## [ENTRIES PROVIDED]
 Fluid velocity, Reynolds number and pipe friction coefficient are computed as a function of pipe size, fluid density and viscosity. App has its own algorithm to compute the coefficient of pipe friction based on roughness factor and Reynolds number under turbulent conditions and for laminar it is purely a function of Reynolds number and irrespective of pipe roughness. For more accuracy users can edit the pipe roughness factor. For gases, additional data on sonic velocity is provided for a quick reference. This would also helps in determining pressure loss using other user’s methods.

* * *

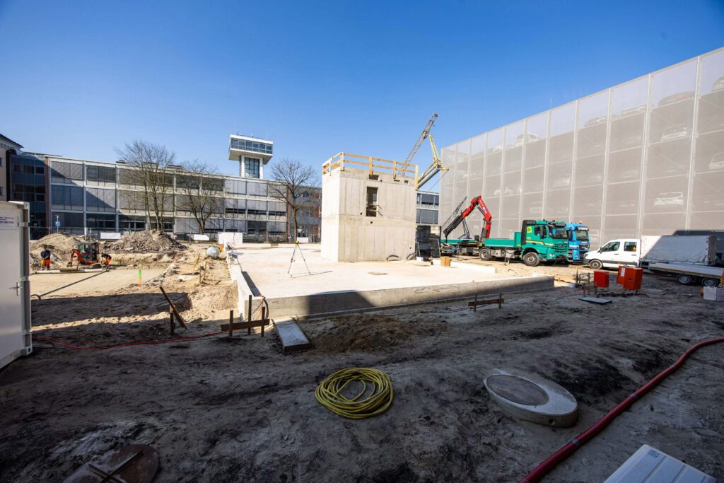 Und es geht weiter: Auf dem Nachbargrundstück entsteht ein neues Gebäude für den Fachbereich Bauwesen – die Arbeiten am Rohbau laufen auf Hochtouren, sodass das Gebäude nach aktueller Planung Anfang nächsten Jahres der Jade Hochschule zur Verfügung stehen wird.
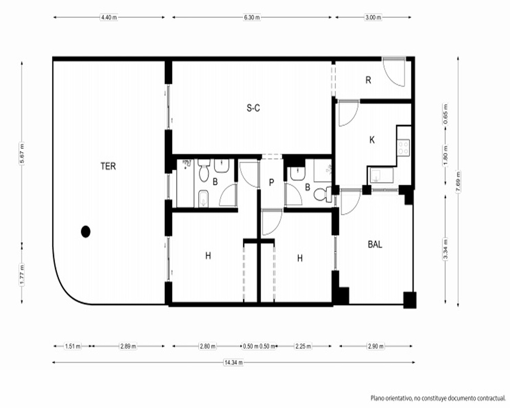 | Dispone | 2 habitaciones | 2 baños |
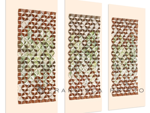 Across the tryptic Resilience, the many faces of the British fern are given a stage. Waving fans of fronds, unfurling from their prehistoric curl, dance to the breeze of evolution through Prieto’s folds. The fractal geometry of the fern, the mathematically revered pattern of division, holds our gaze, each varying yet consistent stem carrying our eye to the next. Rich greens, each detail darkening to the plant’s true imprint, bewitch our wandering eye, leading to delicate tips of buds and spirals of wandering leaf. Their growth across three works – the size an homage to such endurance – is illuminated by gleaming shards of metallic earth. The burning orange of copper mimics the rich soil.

## [ACTIVITY]
Look above and copy only the lines from the one holding "Und es geht" to the one holding "habitaciones | 2 baños |", both included, exactly, minus the pictures.

## [EXERCISE ANSWER]
 Und es geht weiter: Auf dem Nachbargrundstück entsteht ein neues Gebäude für den Fachbereich Bauwesen – die Arbeiten am Rohbau laufen auf Hochtouren, sodass das Gebäude nach aktueller Planung Anfang nächsten Jahres der Jade Hochschule zur Verfügung stehen wird.
 | Dispone | 2 habitaciones | 2 baños |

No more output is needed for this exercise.